Penelope breaks the silence. “Is one of you pregnant or something?”

Marcus cracks up laughing. His laughter is bubbly and infectious, and soon everyone is laughing. Everyone except Mom.

Penelope continues, “I mean, in my day, that was the only reason to rush a marriage. That or”—she clears her throat—“someone leaving for the military. But I guess the world ending is reason enough.”

Mom points accusingly at Penelope. “Now is not the time.” She removes her fancy napkin from her lap and tosses it on the table. “Excuse me for a minute,” she mutters to the rest of us and follows the wake Dad left to the bedroom.

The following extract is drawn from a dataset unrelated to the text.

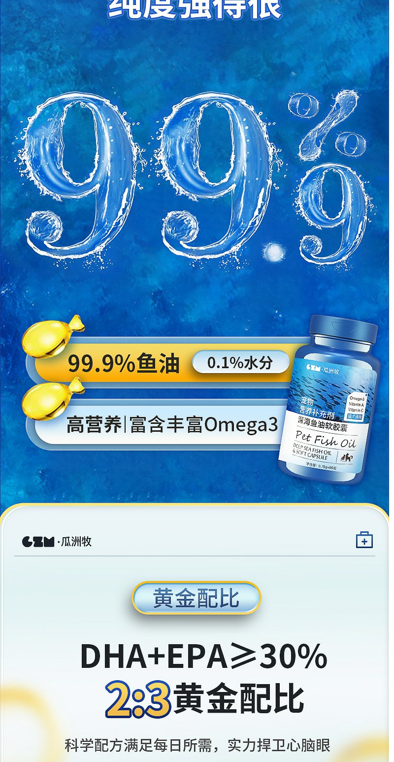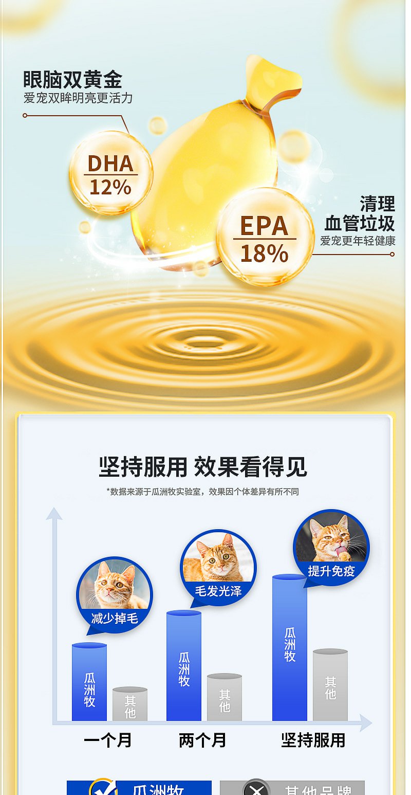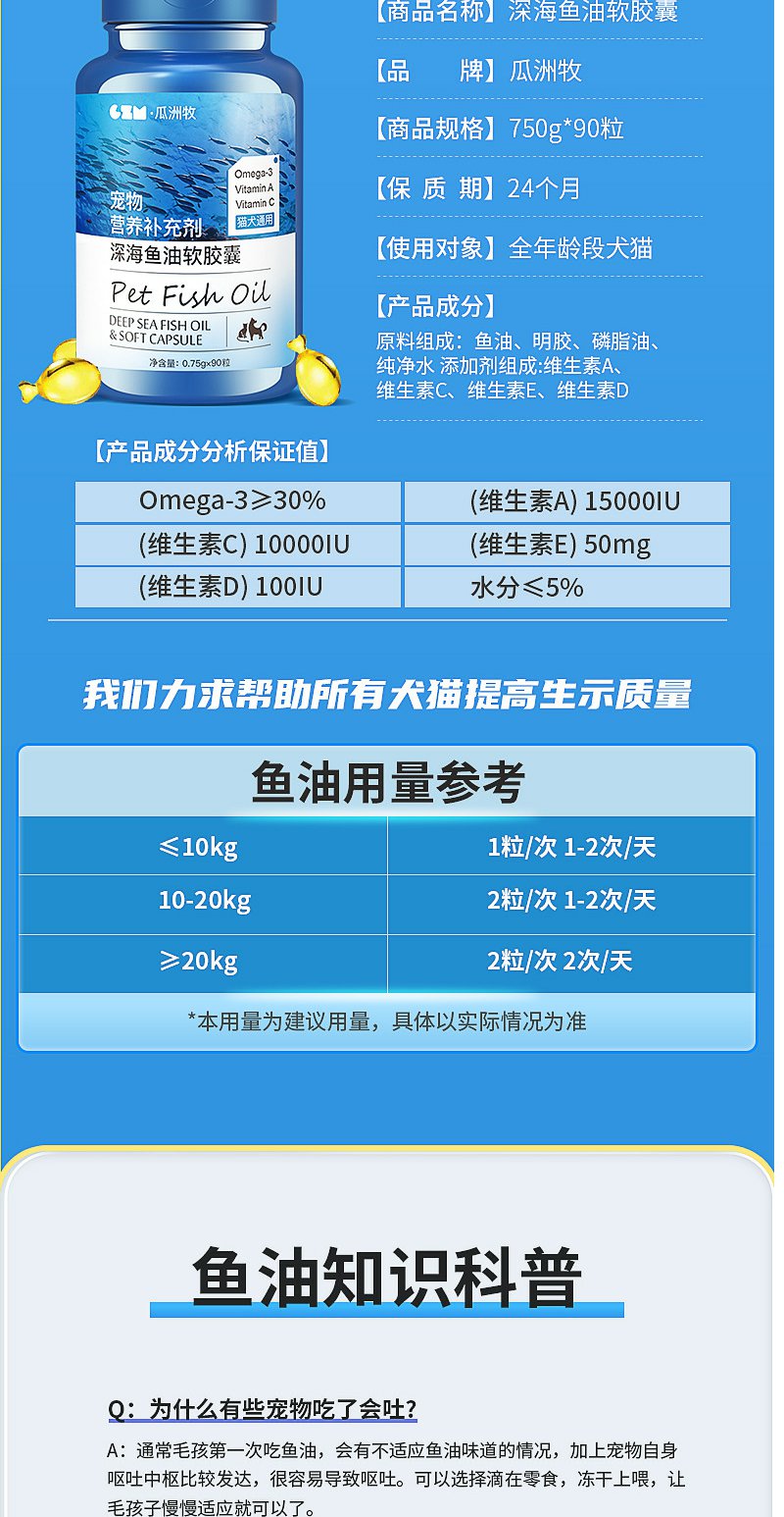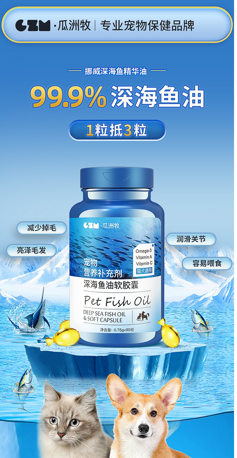 瓜洲牧【猫咪专用】深海鱼油猫猫专用美毛护肤宠物防掉毛卵磷脂胶囊鱼肝油70粒/装

“I thought it was funny,” Penelope offers and sips a glass of wine.

“It was,” Marcus adds.

But I know that military comment was a dig. Mom married Dad when she turned eighteen before he left for duty and against Penelope’s wishes.

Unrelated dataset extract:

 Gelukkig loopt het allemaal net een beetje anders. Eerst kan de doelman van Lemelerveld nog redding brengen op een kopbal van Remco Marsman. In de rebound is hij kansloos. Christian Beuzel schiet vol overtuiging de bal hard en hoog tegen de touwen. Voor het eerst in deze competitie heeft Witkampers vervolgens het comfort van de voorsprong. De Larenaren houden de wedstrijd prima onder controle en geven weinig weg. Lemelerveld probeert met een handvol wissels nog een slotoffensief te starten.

Mom leaving the table has thrown me for a loop. I assumed Dad would lose it, but not Mom. I wish I could hear what was going on in the other room, but I can’t hear Dad’s voice for a change.
How am I supposed to know if everything will be okay if I can’t see what’s happening? What if he shoots her?
My medication is having trouble doing its magic.

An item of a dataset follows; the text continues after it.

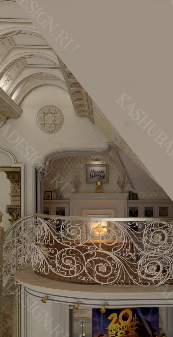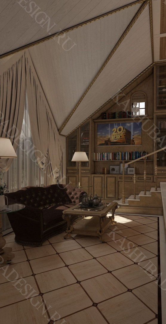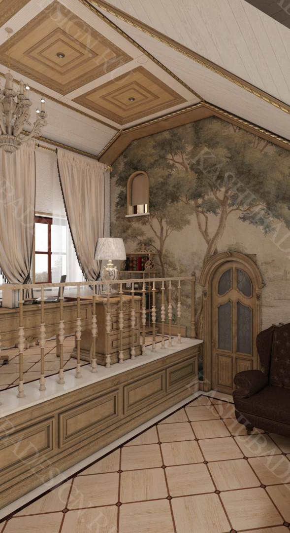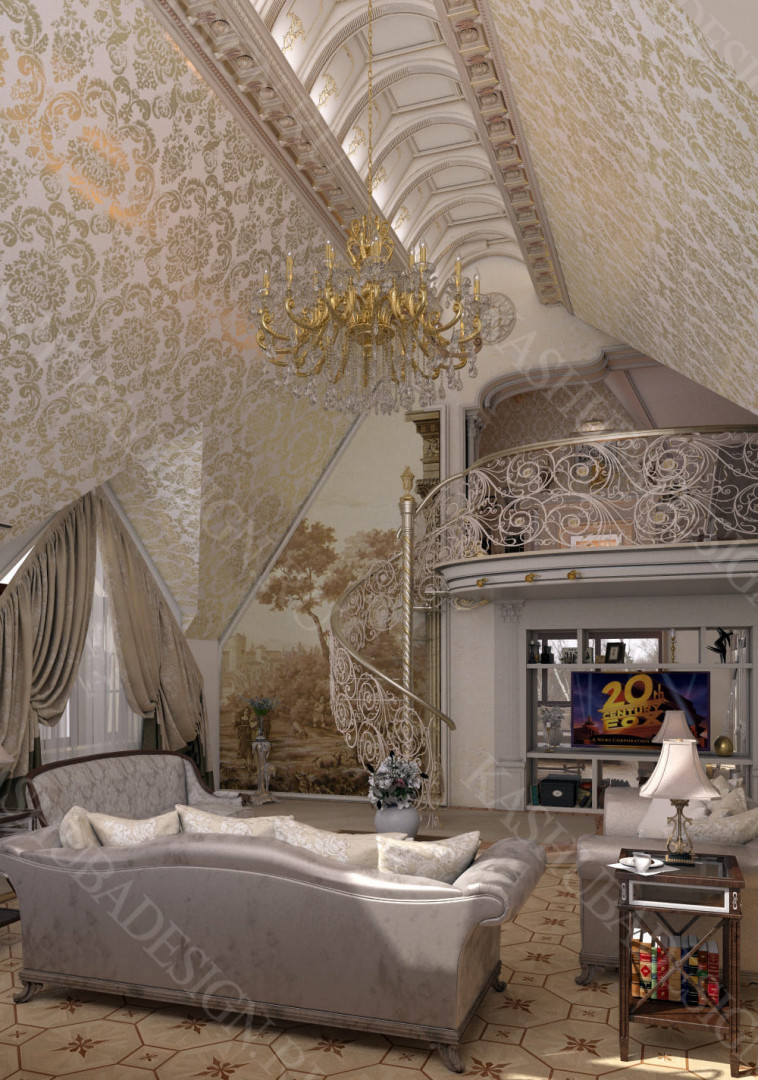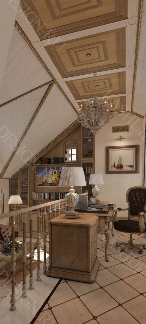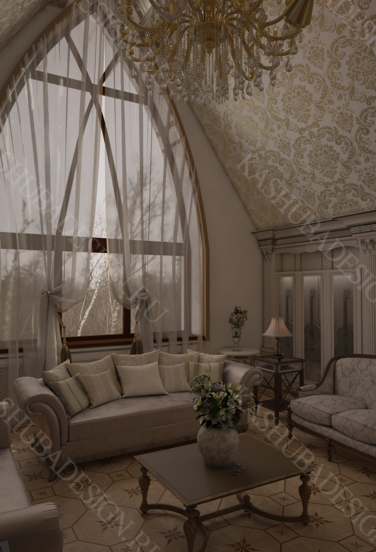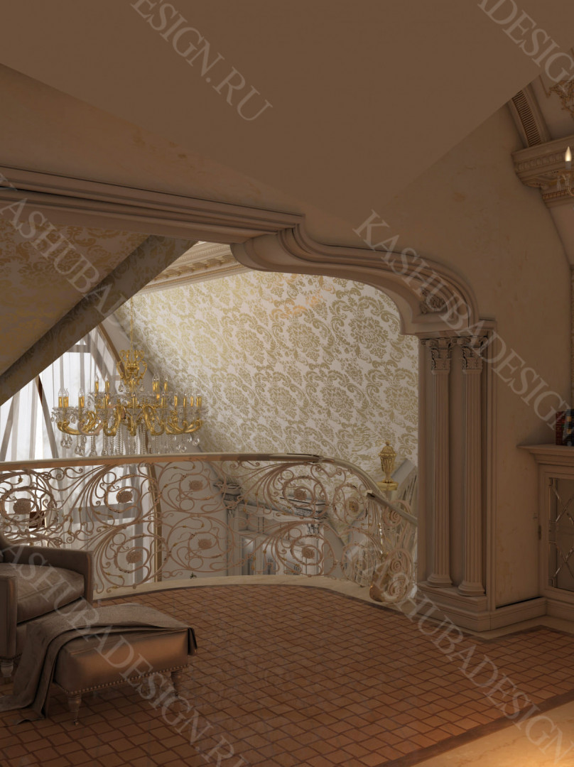 Комплекс помещений мансардного этажа для семейной пары в доме площадью 1700м2 : спальня, гостиная- кухня и санузел - выполнены в классическом стиле. Особенностью объекта являются высокие потолки со скатами крыши и большие стрельчатые окна в готическом стиле. Дизайнеры в полной мере использовали предоставленные им условия архитектуры. Таким образом в гостиной, совмещенной с кухней, появился потолок в столярном исполнении с щередующимися кессонами и балками. Балки завершаются кронштейнами и своей формой подчеркивают монументальность окна. Чтобы данная конструкция не утяжеляла потолок, все элементы покрыты ажурной резьбой с позолотой, создавая тем самым эффект кружева. Столярному потолку вторят и панели на стенах, которые своими пилястрами поддерживают ритм балок. Скаты крыши обтянуты шелковой тканью, что в свою очередь тоже придает помещению легкость.

“I thought if anyone around here would be getting married,” Penelope says, “it would be this beautiful girl sitting next to me.”

“Me?” The look on my face must be priceless because the three of them laugh again.

“You’re eighteen now, and I’ve seen you with that boyfriend of yours. With all that’s going on in the world . . . Like mother like daughter.”

“Um, no,” I say, cutting her off. “I don’t even know if I believe in marriage.”

“What the hell does that mean?” Benji asks. Marcus turns and stares at him. I don’t think he’s ever seen the side of my brother that likes to fight me on everything.

I take a sip of water to stall. “I think it puts too much pressure on people. The forever
concept. Freaks me out.”

“Smart girl,” Penelope says. “Smarter than her mother.”

Smarter than my mother.
Her comment should make me feel proud, but instead I feel smaller. Benji glares at me from across the table, my brother and my adversary.

Penelope drags her knife back and forth over the meat and makes a face. “Turkey’s overcooked.” She shoves a piece into her mouth. “Dry. So when’s the wedding?”

“December 12,” Marcus says. “City hall, nothing crazy. We wanted to do it as soon as possible, but there’s a waiting list.”

Benji pipes in. “Apparently everyone’s lining up to take the plunge since forever might end sooner than we thought.” He shoots me attitude.

What can I say—forever scares me. Love scares me. I mean, forever? People change. And then what?

When we hear the bedroom door open, the four of us flinch and sit up straight. Footsteps shuffle down the hall toward us. Mom returns, followed by Dad. I sit farther back in my chair as if the wooden back can provide the support I need. Instead of a gun in his hand, it’s wrapped with an ice pack and a hand towel.

Benji stands up.
What’re you doing?
my brain screams.
Sit down.
Are you insane?

Dad and Benji face each other, father and son, military men. Dad’s hands are balled into fists at his sides, and so are Benji’s. It’s like a western movie where someone must pull the trigger first or die. I don’t know who will win. I grip my fork like a weapon just in case the action somehow turns on me.

Mom sits in her seat and places the napkin back in her lap. “Ben,” she addresses Dad. “I think you have something to say to your son.”

Dad clears his throat. “Family sticks together. We’re a family.” He puts out his right hand to shake Benji’s. I still expect him to deck Benji with his left, ice pack and all. Benji’s body starts to tremble uncontrollably, so Dad abandons the handshake and delivers a quick, one-armed hug with several strong pats to Benji’s shoulders. I wait for Dad’s sneak attack.

“Now let’s eat,” Dad announces.

Sometimes people hide their true feelings while guests are present. Sometimes people give up their predilections since the world’s ending as they know it anyway. And sometimes, people just shock you. In Dad’s case, I don’t know where to put his reaction in my list of possibilities. Like the vertexes and holograms, it’s something I could’ve never predicted in my wildest dreams.